“The way we talk to our children becomes our inner voice” - Peggy O’Mara
How were you spoken to as a child?
Were you told “you’re such a good girl for tidying up” or were you thanked? Were you told “Don’t be naughty!” Or was the situation explained to you? Were you told “eat your dinner like a good boy” or were you encouraged to enjoy your food and eat only what your body needed?
Were you told the facts about your behaviour or someone else’s opinions? Being “good” isn’t defined by behaviour, it’s within us.
Do you seek others’ approval? Do you often worry whether you’ve upset someone? Do you worry that you’re being judged? Do you downplay your achievements? Do you struggle to say no, even when you want to? Do you fear criticism? Are you afraid of making mistakes? Do you seek perfection? Do you feel pressure to live up to other people’s expectations?
Does any of this resonate? If so, then it’s likely that you’ve fallen victim to what I like to call “good girl” or “good boy” syndrome.
If you were constantly told that you’re a “good girl” or “good boy” it’s possible that, even as an adult, you are still feeling the effects of that now. You still feel pressure to always “BE good” no matter what you feel, or what your heart is telling you.
And do you want that pressure for your own children? I’m pretty sure you don’t.
A small tweak of our language when we talk to our children can make all the difference.

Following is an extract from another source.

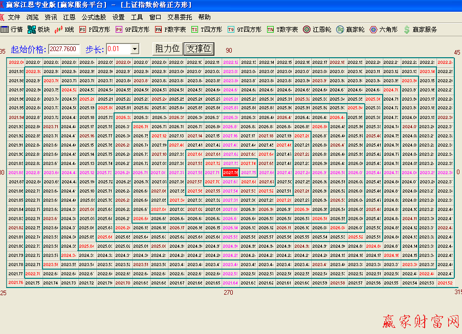 江恩數(shù)字表是江恩發(fā)明的將數(shù)字沿垂直方向排列的四方形,用來(lái)預(yù)測(cè)價(jià)格的支持位和阻力位。

So let’s start stating the facts and show some gratitude. “You helped tidy up, and now the room is clear. Thank you.” “Thank you for helping me make dinner. Now we have a tasty meal to share!”
Our experiences are our lessons and our children are our teachers.
Don’t be good. Be kind. Be generous. Be sparky. Be courageous. Be funny. Be assertive. Be opinionated. Be passionate. Be stubborn. Be competitive. Be free. Be grateful. Be who you truly are. Because none of these are bad, and good is boring anyway!